A further feature of the present invention is a mechanism for negotiation between the server and the terminal such that the terminal may receive a subset of media streams from the file based on capabilities of the terminal. The server may then selectively transfer portions of the original file, thus maximizing bandwidth utilization and minimizing storage requirements on the terminal device. When transferring only portions of the file, the server may adjust the content to ensure the reconstructed file is a valid multimedia file of the original file format. A still further feature of the present invention is to provide a method for the terminal device to construct a valid multimedia file with no knowledge of the original file format.[0008]
To this end, in an embodiment of the present invention, a method for guaranteed delivery of multimedia content to a user device is provided.

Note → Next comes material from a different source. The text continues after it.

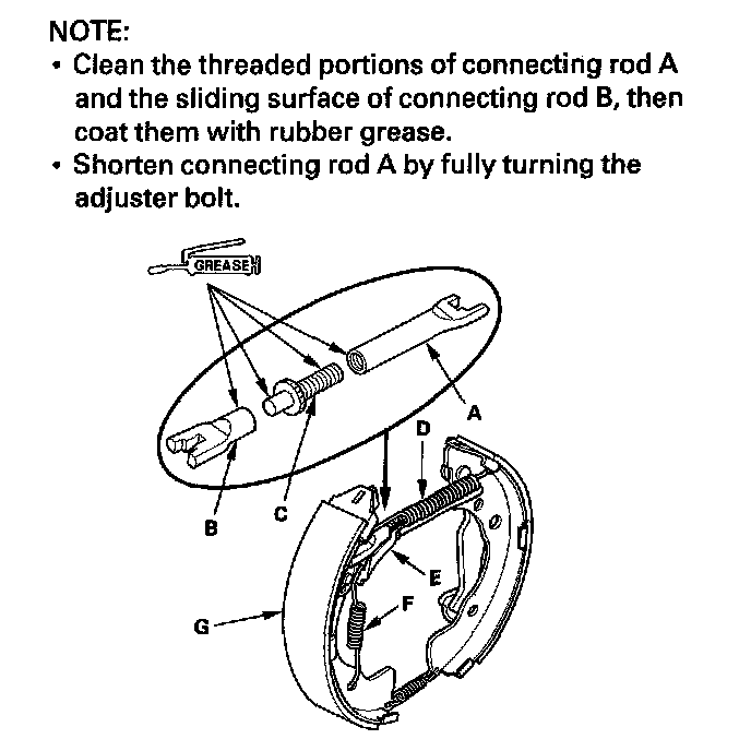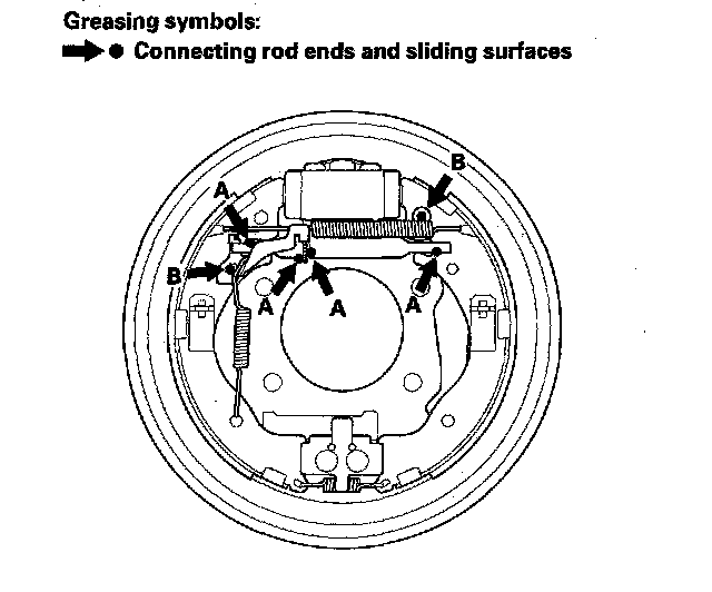 4. Apply a thin coat of rubber grease to the connecting rod ends (A), and the sliding surfaces (B) as shown. Wipe off any excess. Keep grease off the brake linings.

The method has the steps of: generating a request by the user device for multimedia content to be downloaded from an application, the request including information about capabilities of the user device; generating a response containing location information for a download module where the request by the user device for multimedia content resides; and initiating a download session with a download module wherein the download module delivers the requested multimedia content to the user device for playback as a local file in a form that matches the capabilities of the user device.[0009]
In an embodiment, the method has the further step of generating an HTTP GET request including a file ID, a track list and time values wherein the response includes size information of the content being downloaded and identification information related to the tracks available.[0010]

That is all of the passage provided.